I explored the data set on poverty statistics, found here, which details the birth and death rates, infant morality rates, life expectancy rates of men and women, and GNP of 97 countries in 1990. One of the first things I noticed was that each country had been assigned a specific “region,” indicated by a number 1-6. Eastern European countries, such as Albania and Romania, were assigned region 1. South American countries, such as Brazil and Columbia were assigned region 2. Region 3 was compiled with mostly Western European countries such as France and Germany, but also included, interestingly, North America (U.S.A and Canada) and Japan. Middle Eastern countries such as Turkey and Israel were assigned region 4, and Asian countries, excluding Japan, made up region 5. Lastly, region 6 contained African countries, such as Kenya and Uganda.
I predicted that regions 3, 4, and 5, which described Western Europe, the Middle East, Asia, and North America, would likely have the highest GNP, while regions 1,2, and 6, which described Eastern Europe, South America, and Africa, would likely have the lowest GNP. I made many different visualizations to show the GNP of each region, but ultimately decided to use Raw to create a scatter plot. While all of the other visualizations I made were “cooler” looking, I chose this one because Nathan Yau said it was most important to choose a visualization that had the right visual cue. In the plot below, the GNP is located on the y-axis and the regions are located along the x-axis.

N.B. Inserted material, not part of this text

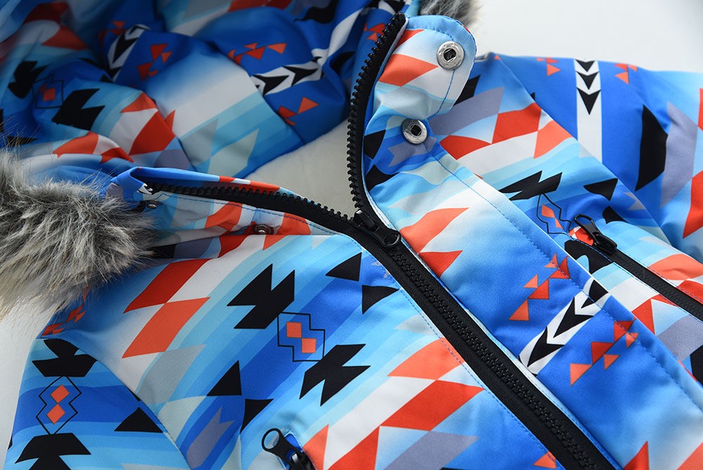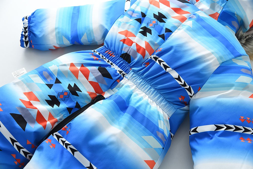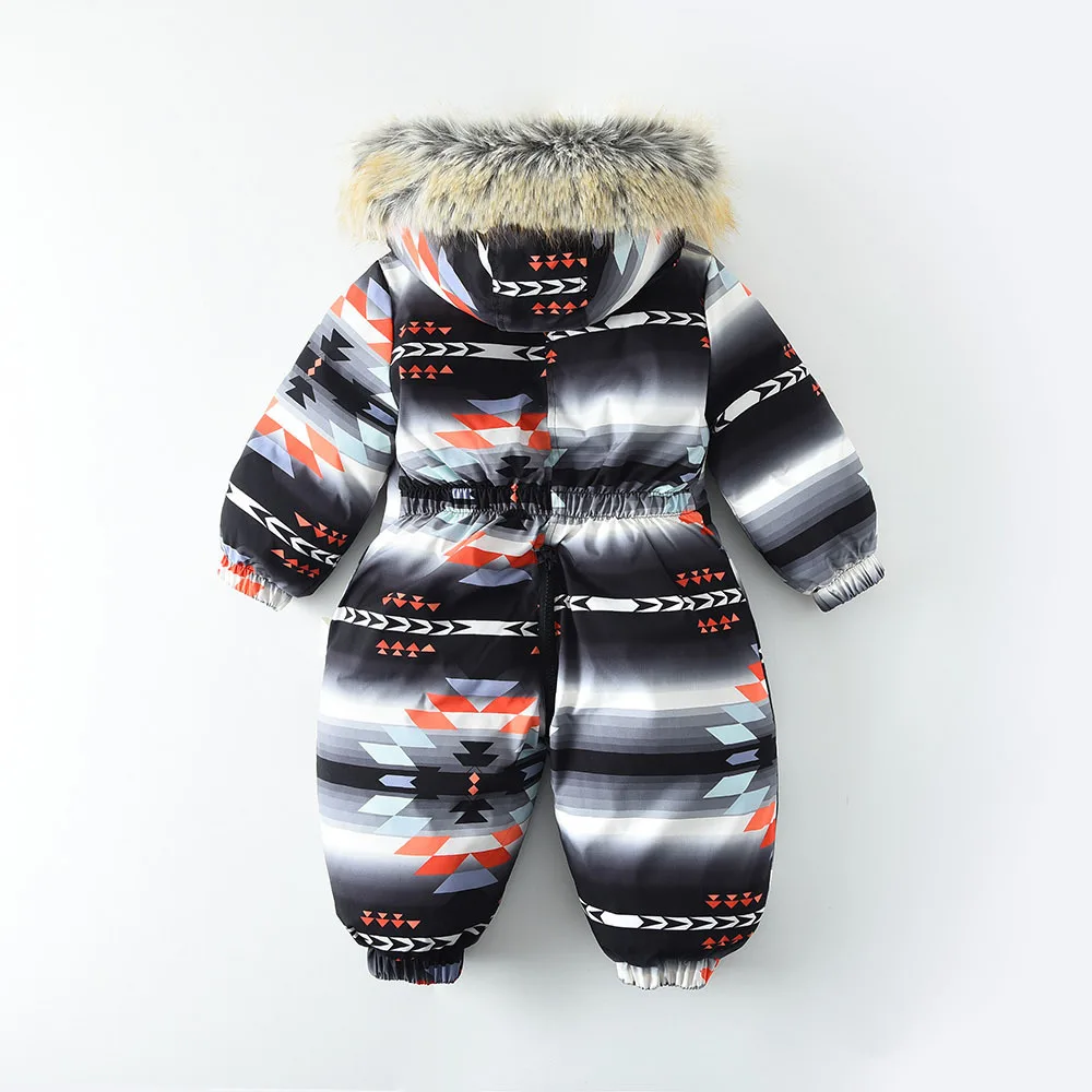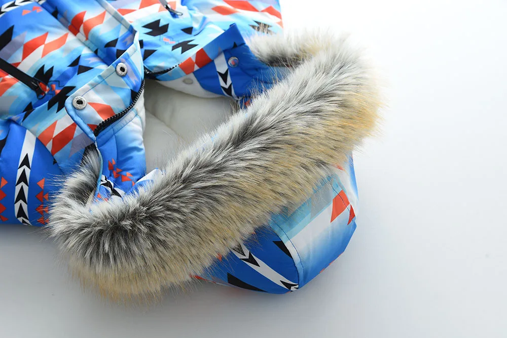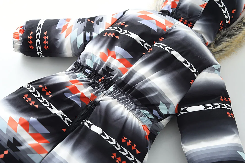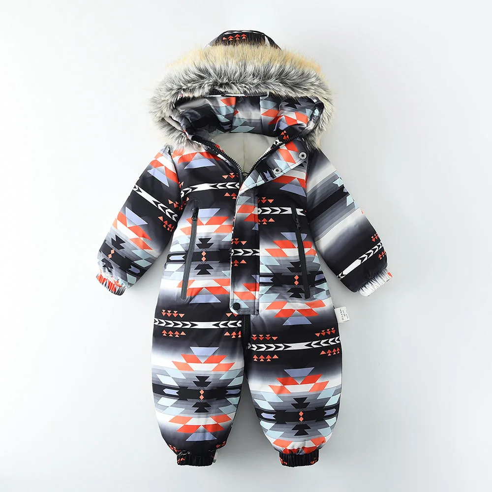 YBFSKID Kids Boys Winter Rompers Geometric Pattern Plush Thick Toddler Baby Boys Ski Suit Fur Collar Little Boys Jumpsuit Outfit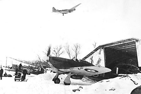 Советский бомбардировщик СБ пролетает над стоящими на аэродроме английскими истребителями «Харрикейн» Мк IIB Trop

After seeing this, I took it a step further and estimated that the countries with the highest GNP (regions 3,4,5), likely had the highest life expectancy rates, and that countries with the lowest GNP (regions 1,2,6), likely had the highest birth, death, and infant morality rates. I used Google Fusion Tables to create data visualizations to see if my predictions were correct.

The graph above shows the average birth rates, death rates, and infant mortality rates across the regions, with the average rates located on the y-axis and the regions located along the x-axis. The visualization shows that the region 6, which contains the countries with the lowest GNPs, clearly has a higher average infant mortality rate, and a considerably larger average birthrate, but does not have a notably larger average death rate. In fact, the regions do not vary much in average death rate. Region 5, which has the 3rd highest average GNP, actually has some of highest birth, death, and infant morality rates, which I was not expecting.

The graph above shows average male and female life expectancies across regions, with the regions located on the y-axis and the ages located along the x-axis. This graph also makes region 6 stand out, but this time for its low life expectancies. Region 3 has a noticeably higher life expectancy than the rest of the regions, but isn’t too far ahead of region 1. This also surprised me, because region 1 has the second lowest GNP.
While looking at the data set, I assumed that I would be able to guess which countries had which rates with fairly high accuracy, but after looking at the data visualizations I can see that the lines are not so clearly drawn. It is clear, however, that in 1990, those living in Western Europe, North America, and Japan had much higher life expectancy rates and far lower death, birth, and infant mortality rates than those in other countries, while those living in Africa had almost the exact opposite.
I love it when dataviz surprises you! Nice work.
Great blog post! The data you chose to work with is really fascinating and your explanation on how the trends from your data visualizations differ from your expectations is very interesting. I hope to be working with similar data sets in my future career and I can see how similar visualizations can aid me in presentations. I like how you mentioned that you didn’t choose the “flashier” visualization but rather the one that has the right visual cue for communication. Overall great post!